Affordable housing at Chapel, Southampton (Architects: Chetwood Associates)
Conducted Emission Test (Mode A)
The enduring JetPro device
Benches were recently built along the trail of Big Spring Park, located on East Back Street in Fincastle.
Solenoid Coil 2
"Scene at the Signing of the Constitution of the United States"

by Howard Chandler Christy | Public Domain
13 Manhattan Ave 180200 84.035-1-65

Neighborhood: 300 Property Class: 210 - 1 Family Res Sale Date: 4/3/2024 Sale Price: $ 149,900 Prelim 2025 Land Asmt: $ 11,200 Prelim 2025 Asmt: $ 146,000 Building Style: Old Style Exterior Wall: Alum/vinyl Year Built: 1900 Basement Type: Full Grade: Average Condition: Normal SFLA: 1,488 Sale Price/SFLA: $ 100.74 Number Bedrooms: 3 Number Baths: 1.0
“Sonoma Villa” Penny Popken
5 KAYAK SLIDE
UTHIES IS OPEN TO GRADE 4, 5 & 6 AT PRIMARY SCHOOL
------------------------------------
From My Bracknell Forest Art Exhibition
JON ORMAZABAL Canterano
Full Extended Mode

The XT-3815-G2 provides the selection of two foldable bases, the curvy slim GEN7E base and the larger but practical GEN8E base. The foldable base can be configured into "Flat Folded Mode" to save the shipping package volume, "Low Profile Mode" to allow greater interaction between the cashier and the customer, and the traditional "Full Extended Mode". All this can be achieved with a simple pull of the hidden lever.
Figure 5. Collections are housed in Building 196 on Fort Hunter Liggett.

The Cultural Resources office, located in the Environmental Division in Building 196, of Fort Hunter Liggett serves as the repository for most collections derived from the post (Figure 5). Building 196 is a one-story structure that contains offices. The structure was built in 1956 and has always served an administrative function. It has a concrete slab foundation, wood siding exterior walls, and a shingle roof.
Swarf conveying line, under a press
------------------------------------
EXERCISE REQUIREMENTS: Retype only the stretch of lines above starting at the one with "Benches were recently" and stopping at the one with "5 KAYAK SLIDE", exactly as written, with both kept.

WRITTEN RESPONSE:
Benches were recently built along the trail of Big Spring Park, located on East Back Street in Fincastle.
Solenoid Coil 2
"Scene at the Signing of the Constitution of the United States"

by Howard Chandler Christy | Public Domain
13 Manhattan Ave 180200 84.035-1-65

Neighborhood: 300 Property Class: 210 - 1 Family Res Sale Date: 4/3/2024 Sale Price: $ 149,900 Prelim 2025 Land Asmt: $ 11,200 Prelim 2025 Asmt: $ 146,000 Building Style: Old Style Exterior Wall: Alum/vinyl Year Built: 1900 Basement Type: Full Grade: Average Condition: Normal SFLA: 1,488 Sale Price/SFLA: $ 100.74 Number Bedrooms: 3 Number Baths: 1.0
“Sonoma Villa” Penny Popken
5 KAYAK SLIDE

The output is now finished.